Statistical significance between the incidence of repositioning and changes to copy number were determined by Yates correlated χ2 analysis, where a P value < 0.05 was considered significant. The null hypothesis being tested was that a gene repositioned in cancer due only to genomic instability. Data were used from all 20 genes. For this analysis, a gene was considered to reposition in a cancer tissue if the majority of cross-comparisons between the individual cancer tissue and the individual normal tissues were significantly different (P < 0.01). A gain in copy number for a gene was assumed if >20% of nuclei in a tissue had three or more signals; a loss of copy number for a gene was recorded if ≥40% of nuclei in the tissue had only one allele detected. Using these cut-off values, normal tissues were never classified as having a copy number variation.
To probe for an effect of gene density on repositioning probability, the number of genes 1 MB on either side a gene were calculated using data from http://www.ncbi.nlm.nih.gov/mapview/map_search.cgi?taxid=9606. The statistical significance between the local gene densities for genes that have a propensity to reposition in cancer tissues compared with normal (HES5, HSP90AA1, TGFB3, MYC, ERBB2, FOSL2, CSF1R, and AKT1) and those loci that do not (VEGFA, CCND1, HES1, PTGS2, MMP1/3/12, ZNF217, BCL2, HEY1, BRAC1, PTEN, TLE1, and TJP1) was assessed using a two-tailed Student’s t test in Excel (Microsoft).
Online supplemental material
Fig. S1 shows the determination of appropriate sample size and of the minimal fraction of cancer cells required for analysis. Fig. S2 contains additional data showing loci-specific reorganization of the genome in breast cancer. Fig. S3 shows standardized pooled normal distributions, with individual normal and cancer specimens for comparison.
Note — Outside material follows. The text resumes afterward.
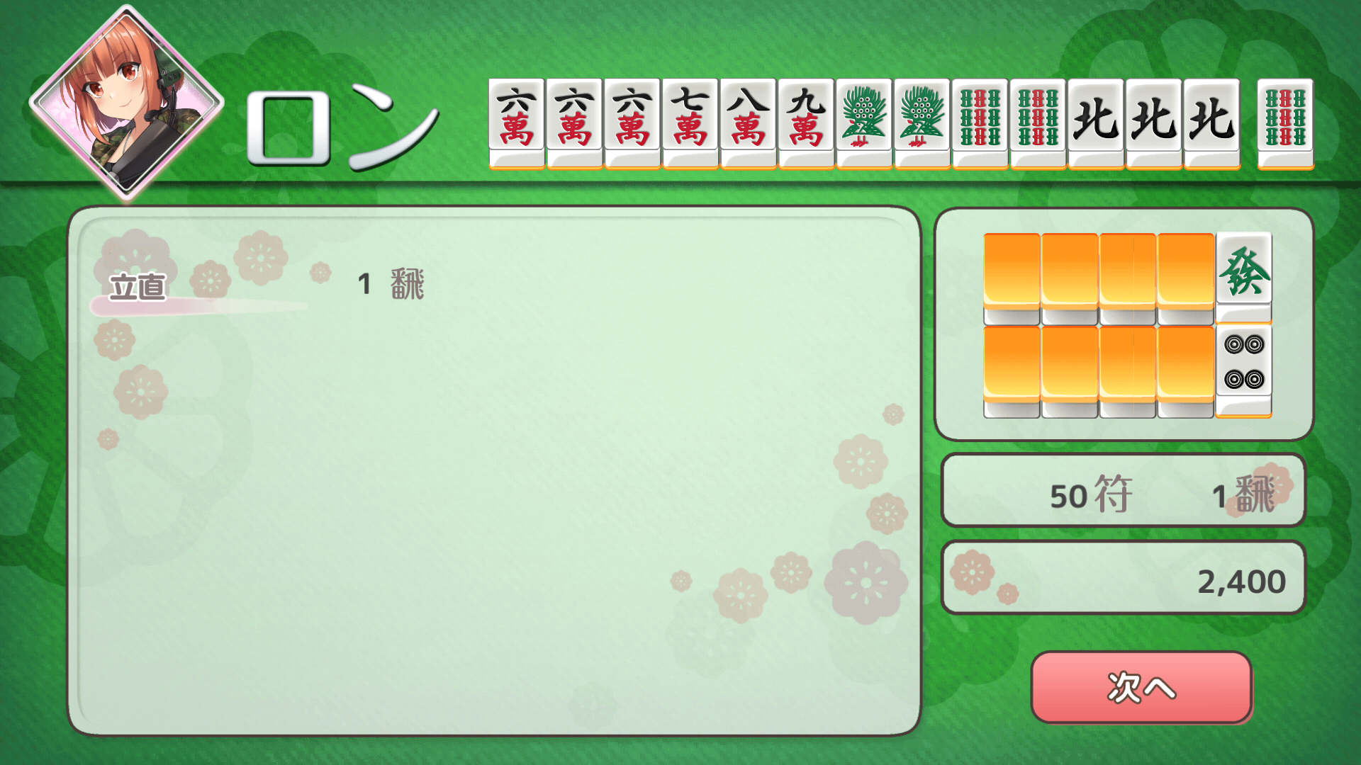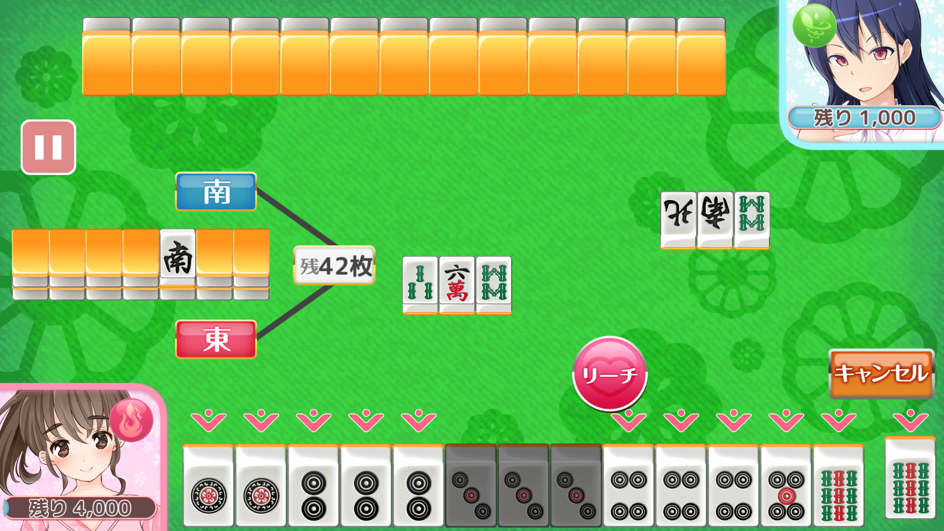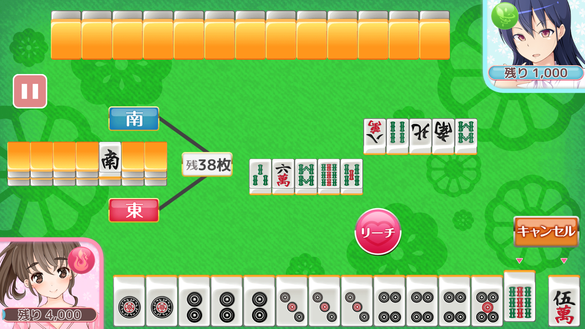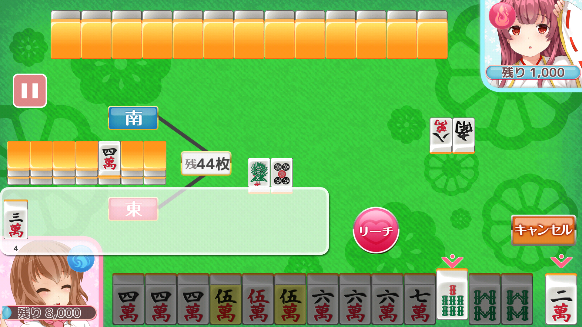 二人麻雀のこのシステムでは字牌4枚来たら即暗カンしてたので、確認出来てませんが、そういう4枚使いの「使い切り」リーチができそうですね(苦笑)

Table S1 provides additional information about the candidate genes. Table S2 demonstrates that repositioning events are not due to numerical changes. Table S3 provides false negative rates based on combinations of three genes.
We are grateful to the AIDS and Cancer Specimen Resource (ACSR) for providing tissue sections and to Delft University (Netherlands) for providing the DIPimage. We thank Tatiana Karpova and Ty Voss for help with microscopy. Fluorescence imaging was performed at the National Cancer Institute Fluorescence Imaging Facility.
This work was supported by the Intramural Research Program of the National Institutes of Health, National Cancer Institute, Center for Cancer Research, and with federal funds from the National Cancer Institute, National Institutes of Health, under Contract HHSN261200800001E. K.J. Meaburn was supported by an Idea Award from the Department of Defense (BC073689).